+++ The input
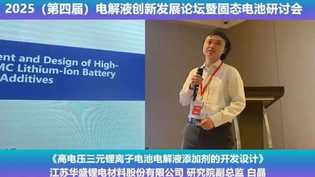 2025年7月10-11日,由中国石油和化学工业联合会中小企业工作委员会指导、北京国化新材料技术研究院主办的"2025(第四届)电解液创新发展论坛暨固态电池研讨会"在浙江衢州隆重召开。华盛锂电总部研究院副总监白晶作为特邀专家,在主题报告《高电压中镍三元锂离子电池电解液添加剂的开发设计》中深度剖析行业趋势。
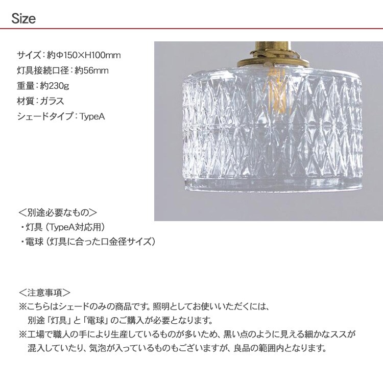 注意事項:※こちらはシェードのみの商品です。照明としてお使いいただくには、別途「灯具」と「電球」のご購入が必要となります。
++++++
+++ The input
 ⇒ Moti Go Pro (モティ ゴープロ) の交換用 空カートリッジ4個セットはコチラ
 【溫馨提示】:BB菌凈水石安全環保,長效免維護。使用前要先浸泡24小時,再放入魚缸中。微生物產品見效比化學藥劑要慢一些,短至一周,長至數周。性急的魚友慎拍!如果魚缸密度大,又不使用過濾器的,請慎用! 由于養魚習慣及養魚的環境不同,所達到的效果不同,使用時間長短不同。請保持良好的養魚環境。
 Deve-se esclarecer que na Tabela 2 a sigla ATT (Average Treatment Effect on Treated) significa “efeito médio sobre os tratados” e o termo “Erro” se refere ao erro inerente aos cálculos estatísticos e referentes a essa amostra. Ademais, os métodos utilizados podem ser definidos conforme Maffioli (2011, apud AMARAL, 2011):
++++++
What you have to do — A verbatim reproduction is expected: starting at the line above that has "2025年7月10-11日,由中国石油和", ending at the line that has "注意事項:※こちらはシェード", both included, and with no pictures and no other lines.

Your response —
 2025年7月10-11日,由中国石油和化学工业联合会中小企业工作委员会指导、北京国化新材料技术研究院主办的"2025(第四届)电解液创新发展论坛暨固态电池研讨会"在浙江衢州隆重召开。华盛锂电总部研究院副总监白晶作为特邀专家,在主题报告《高电压中镍三元锂离子电池电解液添加剂的开发设计》中深度剖析行业趋势。
 注意事項:※こちらはシェードのみの商品です。照明としてお使いいただくには、別途「灯具」と「電球」のご購入が必要となります。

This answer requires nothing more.